For this exercise, an exact copy is needed of only the lines from the one containing "Wykonany ze stali" through the end of the data, with pictures left out.

Dataset section —
== Segment start ==

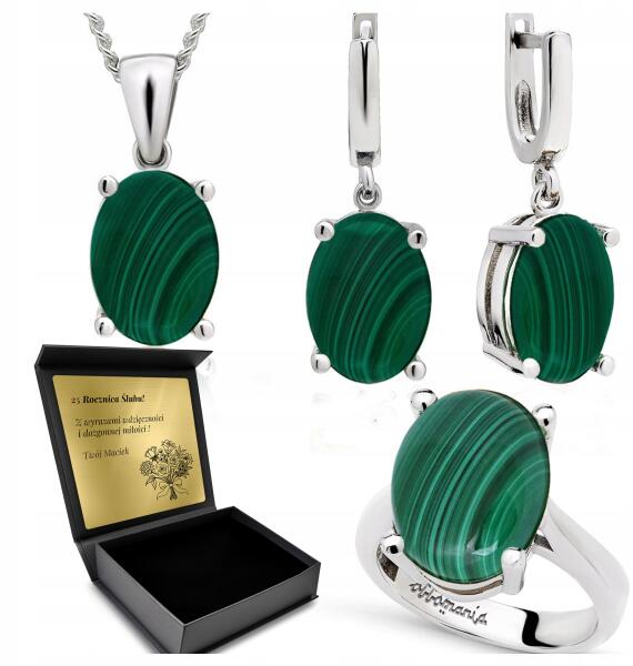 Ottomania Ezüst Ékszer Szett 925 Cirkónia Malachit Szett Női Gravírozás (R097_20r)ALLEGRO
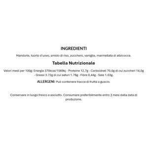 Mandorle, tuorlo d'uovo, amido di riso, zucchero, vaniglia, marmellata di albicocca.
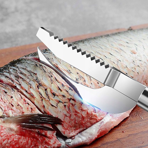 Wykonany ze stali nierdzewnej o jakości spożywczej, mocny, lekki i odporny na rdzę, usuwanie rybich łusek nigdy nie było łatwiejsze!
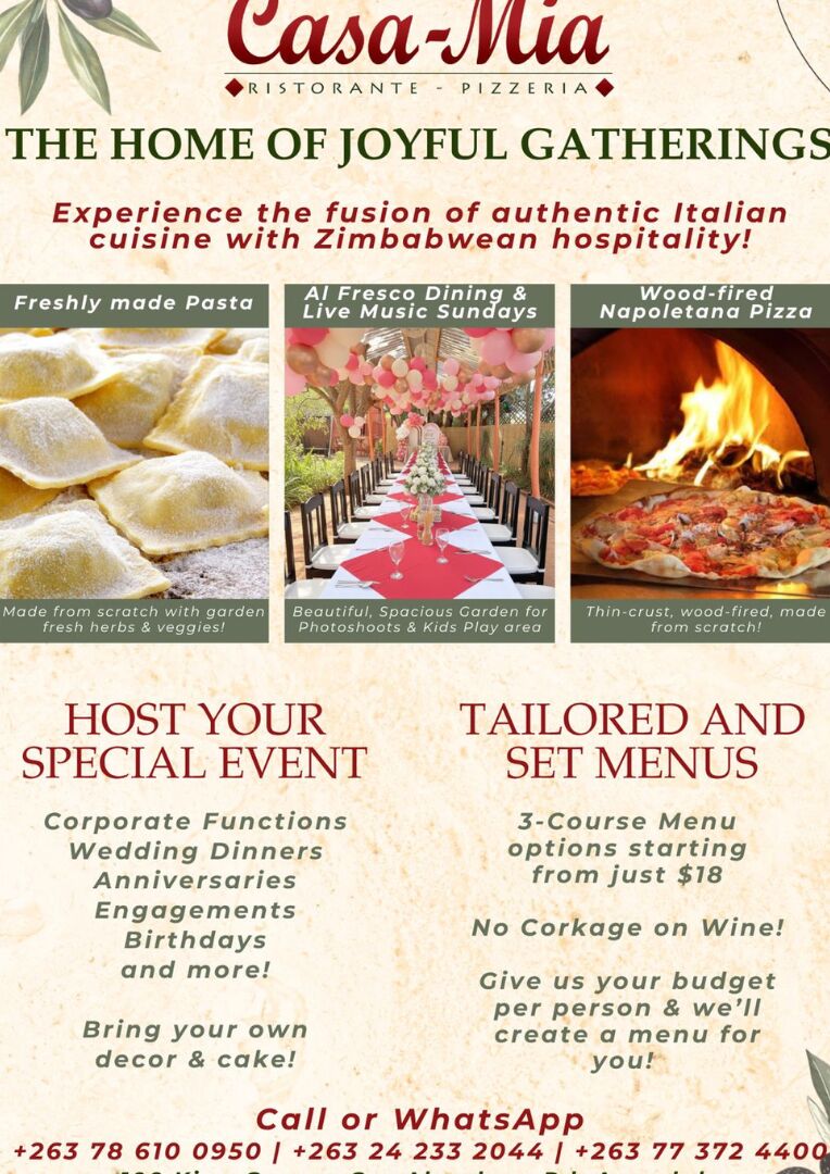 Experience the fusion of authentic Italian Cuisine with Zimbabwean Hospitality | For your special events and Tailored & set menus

== Segment end ==

Response —
 Wykonany ze stali nierdzewnej o jakości spożywczej, mocny, lekki i odporny na rdzę, usuwanie rybich łusek nigdy nie było łatwiejsze!
 Experience the fusion of authentic Italian Cuisine with Zimbabwean Hospitality | For your special events and Tailored & set menus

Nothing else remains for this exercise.